I am aware that something of the kind was formerly attempted, on a small scale, in Scotland; and, in the majority of instances, proved unsuccessful; most of the settlers, after a time, forsaking their cottages in disgust. But it appears to me that this may be wholly accounted for from several circumstances which in the present case might be altogether avoided. 1. In the first place these farms appear to have been for the most part neither fertile nor wellimproved; and consequently must (especially in such a climate as Scotland) have required severe labor and promised no very abudant return: 2dly, A circumstance of much more consequence is, that they were bestowed on veterans, who had been so long in the service as to have acquired completely military habits, and to have lost, from long disuse, all skill and industry in agricultural labors : 3rd. Lastly, these settlers seem to have been scattered about at considerable intervals; which alone would generate disgust, from a want of the society they had been used to. Whereas in the plan now proposed, young men, who had not long served, would be settled on well-improved land in a favourable climate, and in. considerable bodies together, so that they would have their former messmates for neighbours.

Such, in most respects, were the Roman colonies during the most flourishing periods of the state: an institution which probably contributed more than all other causes together, to enable Rome to retain so firmly such extensive provinces, (notwithstanding the

oppression with which they were governed) and to diffuse so widely and so permanently her language, institutions and manners.

3d. The last hint I have to throw out on this head, relates to the relief and employment of paupers. Even the most zealous advocates for the natural right of the poor to relief, will allow that they ought to contribute to it as far as possible by their own labor; and even that, should this labor turn out, on any occasion, to be but little profitable, it is still desirable to keep the parish poor employed rather than idle the only question is, how to employ them in the best manner. The objections to their being engaged on a large scale in manufactures, have been so clearly stated by yourself and others that it cannot be necessary for me to enlarge upon them.

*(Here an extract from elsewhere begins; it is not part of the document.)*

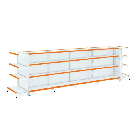 KIT GÔNDOLA CENTRO 137 FIT AMAPÁ 40/30 BRANCO PARA VÃO DE ATÉ 4,70 METROS COM DUAS PONTAS - 40 BANDEJAS PORTA ETIQUETA LARANJA

It is indeed evident that manufactures so supported must interfere with the profits of the independent, and probably more skilful and industrious workman; and consequently, though they may in each case somewhat lighten the burden of those who are actually supporting these poor, yet that same burden must fall the more heavily elsewhere. Besides which it should be considered that the more they are confined to sedentary manufactures, the more they will be exposed to the evils of filth, sickness, &c. If on the other hand those who are maintained by a parish are employed in agricultural labors, in their own neighbourhood, there is the same danger to be apprehended, as in the former case, of their interfering with the profits of the independent laborer; which evil, as it would in this case be more local, would for that reason be more severely felt. But if those whose labor is insufficient for their support, were employed by the public in cultivating the Irish peat-bogs, they would interfere with nobody for not only would no agricultural laborer elsewhere be at once thrown out of employment, but even in the event of their producing such an increased supply of corn as for a time to lower its price, we may be sure that the consumption would very soon overtake that supply. And the great advantage of such a plan would be that their earnings would at once enable them, not (as in the case of manufactures) to withdraw from others a portion of the common stock, but to supply themselves independently; and even increase the common stock of provisions.